Please write out only the lines from the line with "最大4000 x 4000" to the line with "Display case of", inclusive, exactly as they stand below, without the pictures.

SUPPLIED RECORDS section start

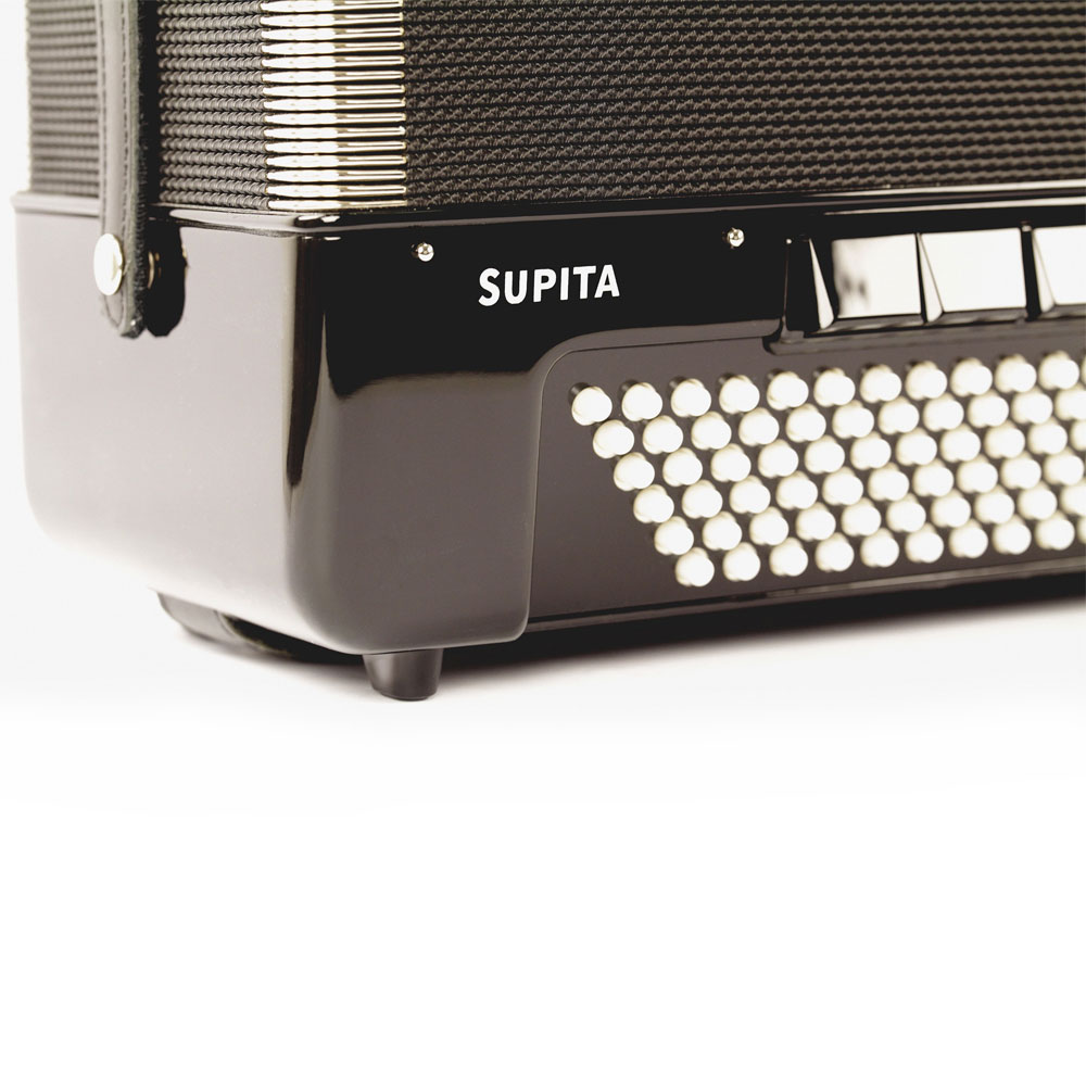 Weltmeister Supita klavirna harmonika sa 120 basova je vrhunska harmonika koja odgovara svim potrebama muzičara. Izrađena od visoko kvalitetnih materijala sa vrhunskom mehanikom i dirkama sa drvenom osnovom, ova harmonika će pružati fenomenalan ton. Topao, moćan zvuk podržan sa jakim basovima daje ovoj harmonici kompletan i zaokružan tonski kvalitet.
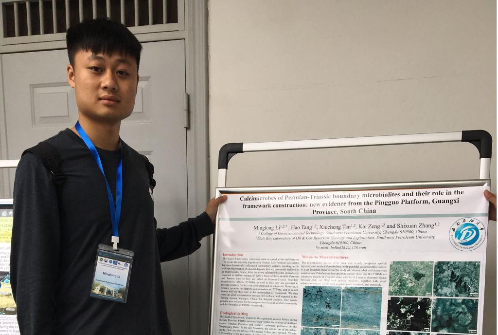 我院谭秀成教授团队硕士研究生李明隆于2018年5月22日-24日参加了在中国地质大学(武汉)国际会议中心举行的国际地球科学计划630:深时极端气候环境与生物响应国际研讨会(IGCP630:International Symposium on Deep-time Environmental & Climatic Extremes and Biotic Responses)。会议由IGCP630:二叠-三叠纪极端气候与环境、联合国科学、教育及文化组织(UNSECO)、国际地质科学联盟(IGU)、国际地球科学计划(IGCP)总部、IGCP中国委员会、中国地质大学(武汉)主办,由中国地质大学(武汉)承办。李明隆硕士作题为《Calcimicrobes of Permian-Triassic boundary microbialites and their role in the framework construction: new evidence from the Pingguo Platform, Guangxi Province, South China》的海报展示与交流,并获参会同行一致好评。
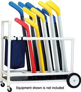 Deluxe floor hockey cart made of durable ABS tubing features heavy-duty non-marring swivel casters
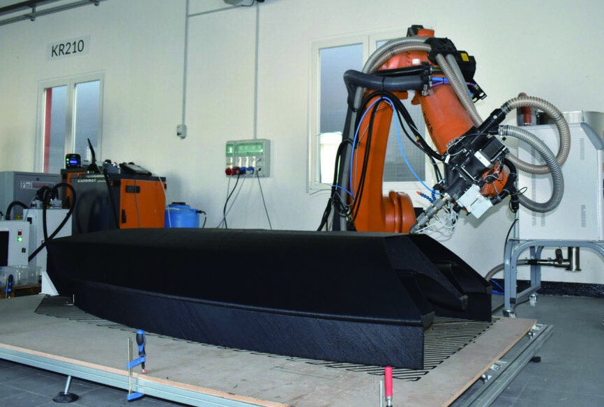 最大4000 x 4000 x 3000 mm の製品や部品の製造を可能にした、ロボットアーム式大型樹脂3Dプリンターです。造形ヘッド、ペレットの乾燥機、削るためのツール、ソフトウェアなど、稼働するために必要なすべてが揃っています。幅広い高性能ポリマーから複合材料、リサイクル材料まで対応しており、ペレットから直接製造できるため材料費が大幅に削減されます。さらに、Heron AMのツールで削ることで、表面のざらつきがほぼない高品質な造形を実現。またロボットアーム式でサポートレスで造形できるため、複雑な形状をした大型サイズの造形が容易になりました。
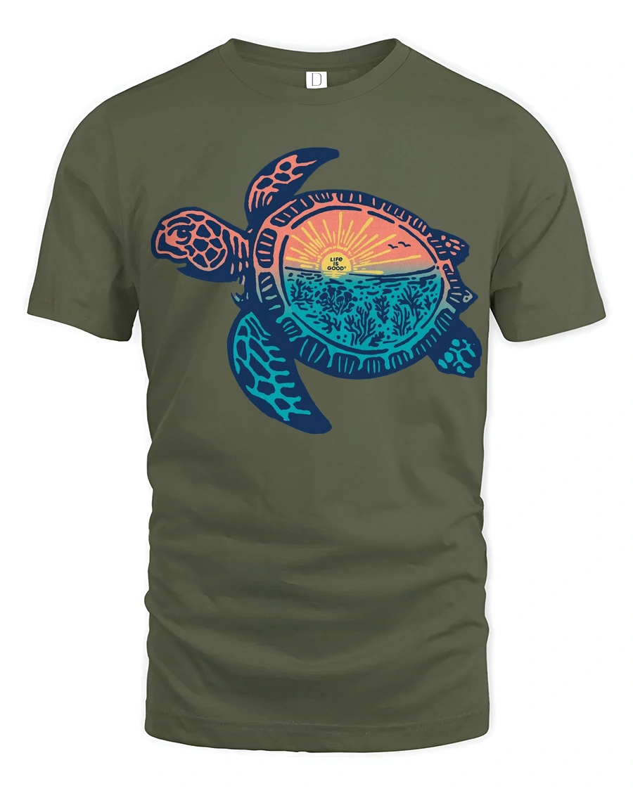 Sea Turtle Sunset Ocean Life Graphic Tee Coastal Aesthetic - military green t-shirt on white background
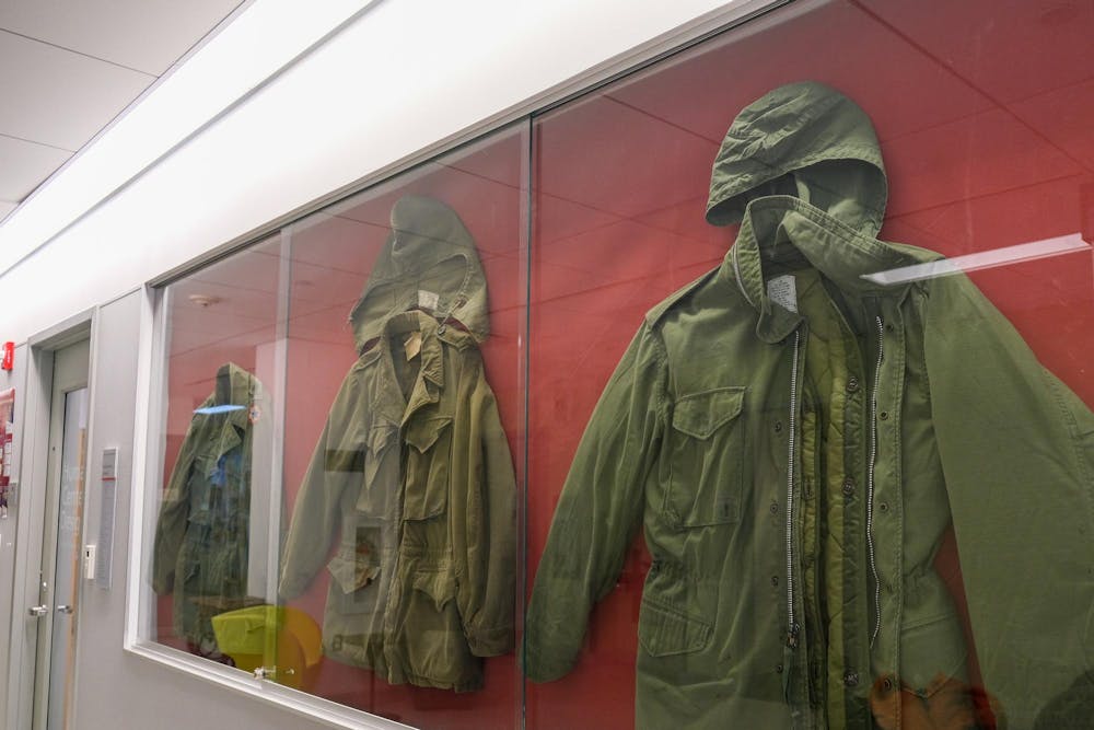 Display case of military jackets from the Fit for Duty exhibition in the Human Ecology Building, Feb.6.2026, (Adelaide Chow/Sun Staff Photographer)
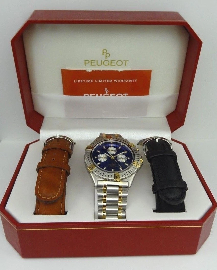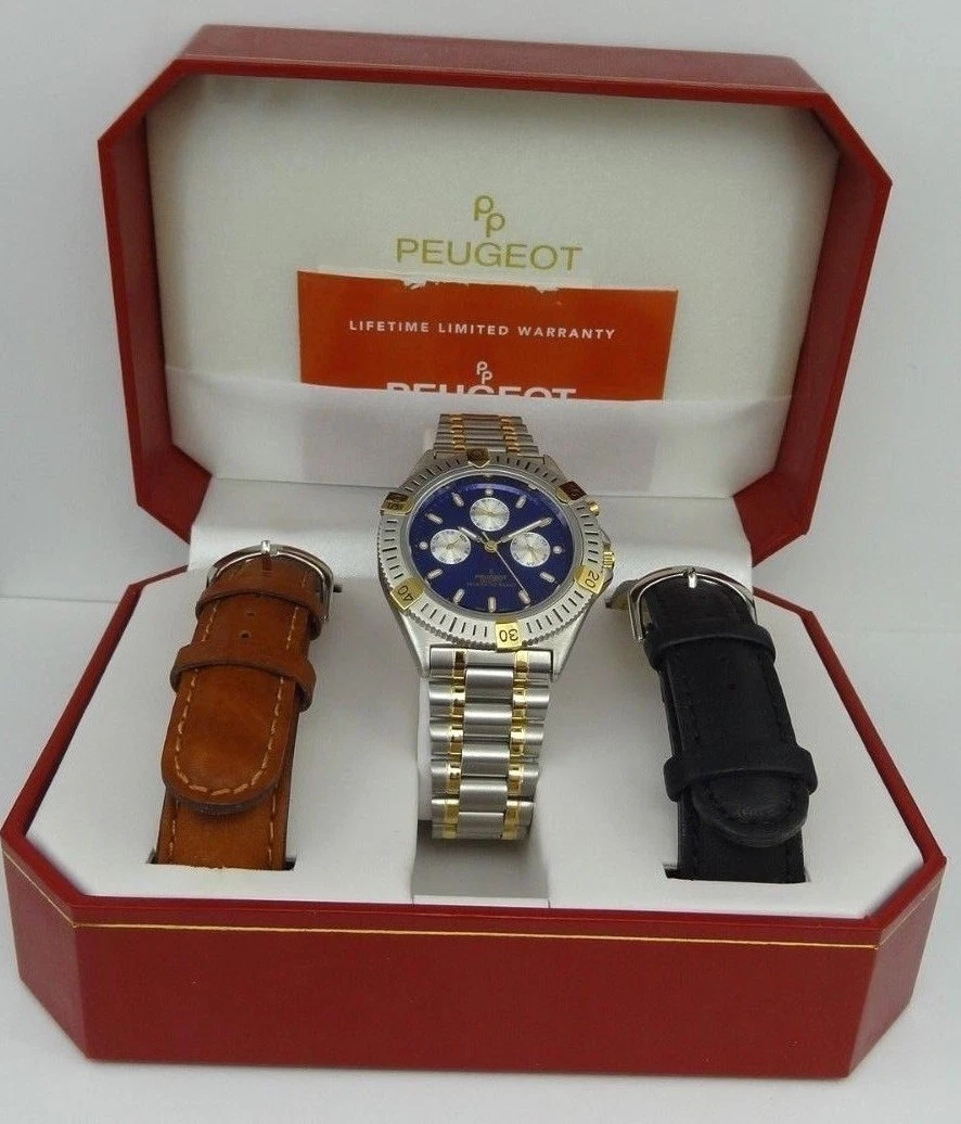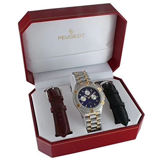 Peugeot Men's 682 Multifunction Interchangeable Leather Strap Watch Gift Set

SUPPLIED RECORDS section end

SOLUTION -
 最大4000 x 4000 x 3000 mm の製品や部品の製造を可能にした、ロボットアーム式大型樹脂3Dプリンターです。造形ヘッド、ペレットの乾燥機、削るためのツール、ソフトウェアなど、稼働するために必要なすべてが揃っています。幅広い高性能ポリマーから複合材料、リサイクル材料まで対応しており、ペレットから直接製造できるため材料費が大幅に削減されます。さらに、Heron AMのツールで削ることで、表面のざらつきがほぼない高品質な造形を実現。またロボットアーム式でサポートレスで造形できるため、複雑な形状をした大型サイズの造形が容易になりました。
 Sea Turtle Sunset Ocean Life Graphic Tee Coastal Aesthetic - military green t-shirt on white background
 Display case of military jackets from the Fit for Duty exhibition in the Human Ecology Building, Feb.6.2026, (Adelaide Chow/Sun Staff Photographer)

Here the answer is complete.